American film director, screenwriter, and editor

Duane Graves is an American film director, writer, producer, cinematographer and editor who has produced a body of work spanning multiple genres. In 2023, Deadline Hollywood announced he was named one of Coverfly's best up and coming screenwriters. His career began with the documentary Up Syndrome, which premiered at the Slamdance Film Festival in 2001. A portrait of his childhood friend born with Down syndrome, Up Syndrome won numerous awards, including the National Media Award from the National Down Syndrome Congress in 2002, and the Grand Prize at the 2006 Movies Askew Film Festival hosted by Clerks (film) director Kevin Smith. He formed Greeks Films with film school peer, actor and filmmaking partner Justin Meeks in 2001.

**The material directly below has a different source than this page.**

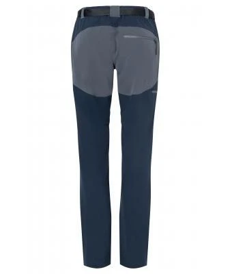 Neformální vzhled, lehká pevná a bi-elastická tkanina, odolnost vůči vodě a nečistotám díky BIONIC-FINISH®ECO, rychleschnoucí, částečně elastický pas s poutky na pásek, kontrastní vložky na kolenou a na zadní části, 2 boční kapsy, zadní kapsa, kapsa na nohavici, všechny kapsy na zip.

Graves then co-wrote/co-directed his first narrative film with Meeks, The Wild Man of the Navidad, a 70's-inspired creature feature based on real-life journals and starring Meeks. The film premiered at the 2008 Tribeca Film Festival and later Fantastic Fest, before being released internationally by IFC Films in 2009, and again in 2021 by MPI Media Group.

In 2011, Graves and partner Meeks were two of 26 Austin filmmakers selected - including Jay Duplass, Bob Byington, Ben Steinbauer, David Zellner and others - to remake Richard Linklater's acclaimed 1991 debut feature Slacker (film). Graves and Meeks' segment in the Slacker 2011 anthology was photographed in the same location and with the same actress some twenty years after the original.

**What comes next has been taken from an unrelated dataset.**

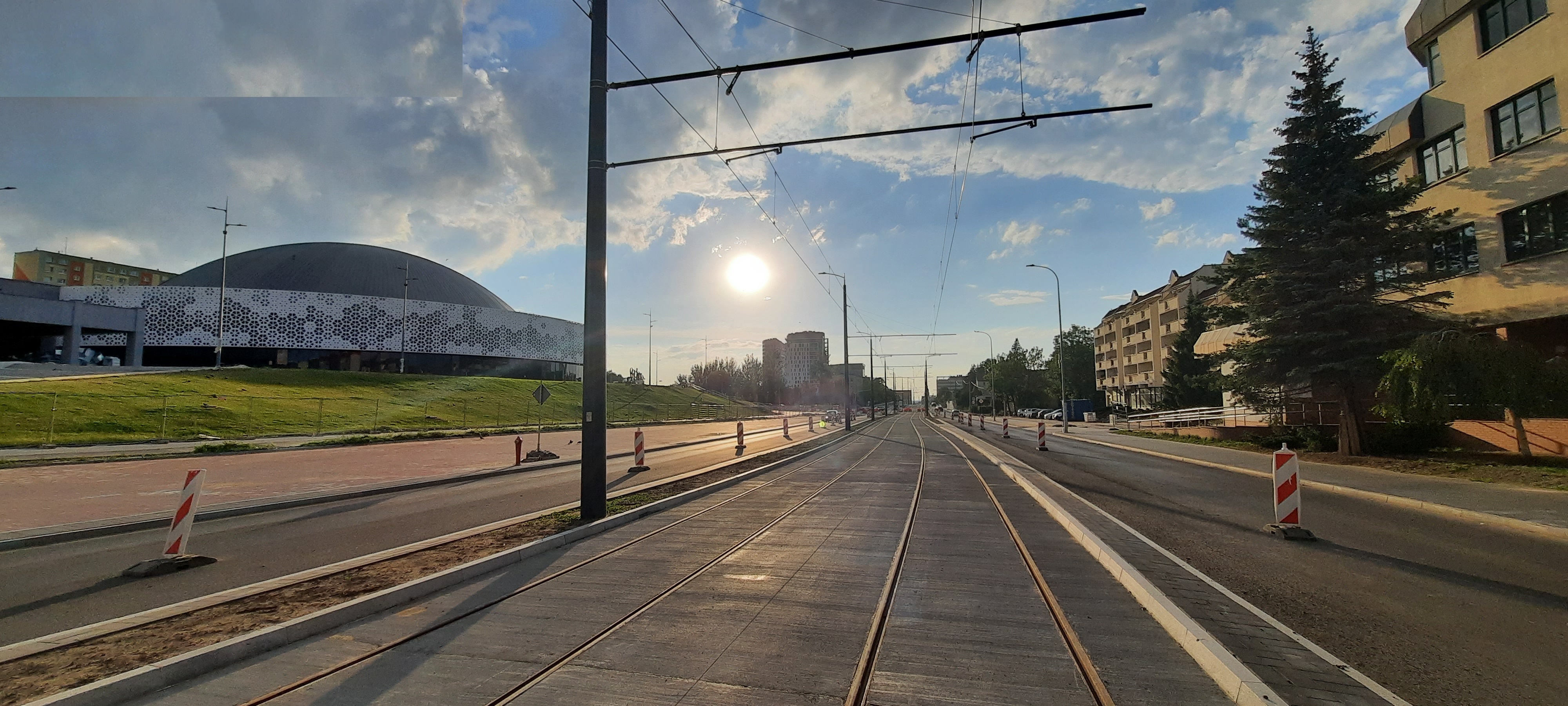 Budowa linii tramwajowej w alei Piłsudskiego, na wysokości hali Urania (13 sierpnia 2023) © OlsztyńskieTramwaje.pl

Graves' sophomore effort - the cannibal-themed horror Butcher Boys (2012 film) - was written and produced by Kim Henkel, co-creator of the original The Texas Chain Saw Massacre (1974), and loosely based on Jonathan Swift's satirical 1729 essay A Modest Proposal. It debuted at the 2012 Fantasia International Film Festival under the original moniker Boneboys, before being released in North America as Butcher Boys by Phase 4 Films in 2013.

Graves then served as editor for the award-winning short film Black Metal, written and directed by Kat Candler. Black Metal, about a husband, father and musician struggling with the guilt and blame of a tragic and senseless murder, premiered at the 2013 Sundance Film Festival, as well as the 2013 SXSW Film Festival.

Also in 2013, Graves co-wrote/co-directed the horror Western Kill or Be Killed (2015 film), also starring partner Meeks and featuring genre icons Michael Berryman, Pepe Serna, Edwin Neal, and Luce Rains. Originally titled Red on Yella, Kill a Fella, it premiered at the 2015 Dallas International Film Festival before being acquired by RLJE Films for wide release in 2016.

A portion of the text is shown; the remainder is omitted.